According to Eric Denece, Director of CF2R, the French Intel would be a mirage.
There is a very interesting comparison between french,US, Uk and German Intel economic resources

http://www.cf2r.org/images/stories/eric_denece/les-moyens-insuffisants-du-renseignement-francais.pdf  (PDF In french language)

http://www.cf2r.org/fr/editorial-er...ns-insuffisants-du-renseignement-francais.php (html french language to translate with google chrome)


----------



## policemedic (Jun 12, 2011)

Le titre dit tout.


----------



## QC (Jun 12, 2011)

IMO France is a different beast. The 9/11 men assembled in Germany and attacked the US. The UK and the US have had
Problems with home grown terrorists and have been targeted as we all know. France has specific anti-terrorism magistrates and have been well aware of home grown threats for years. They deal with them mercilessly. For me it's apples and oranges.


----------



## mike_cos (Jun 12, 2011)

QC said:


> France has specific anti-terrorism magistrates


oh yes... they work very fine, look Cesare Battisti.... who had taken refuge in france for years...


----------



## SpitfireV (Jun 13, 2011)

That's got nothing to do with the magistrates and everything to do with the Mitterrand Doctrine.


----------



## mike_cos (Jun 13, 2011)

SpitfireV said:


> That's got nothing to do with the magistrates and everything to do with the Mitterrand Doctrine.

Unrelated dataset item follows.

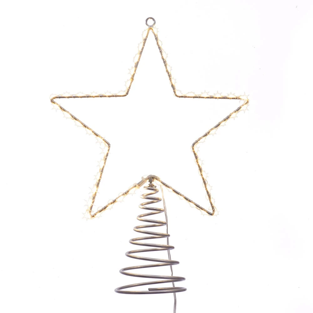 This 17.5-Inch Metal Lighted LED Star Treetop from Kurt Adler is an eye-catching adornment for your Christmas tree. The star is wrapped in warm white micro LED lights with 0.63-inch bulb spacing. Suitable for indoor and outdoor use.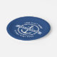 Paper plate featuring a white nautical anchor surrounded by a rope border on a dark blue background. Across the anchor is a light blue banner with customizable text "welcome aboard". Add your boat's name and hailing port.

You are absolutely right... but I'm a little bit angry...


----------



## QC (Jun 13, 2011)

The issue us how much is spent by those countries on measures. The document shows that internal recruitment for MI5 far outstrips recruitment for MI6, if I'm reading it correctly. The French see no need as they have what they would consider adequate in place already. IMO they're not being Gallic knob jockeys just practical.


----------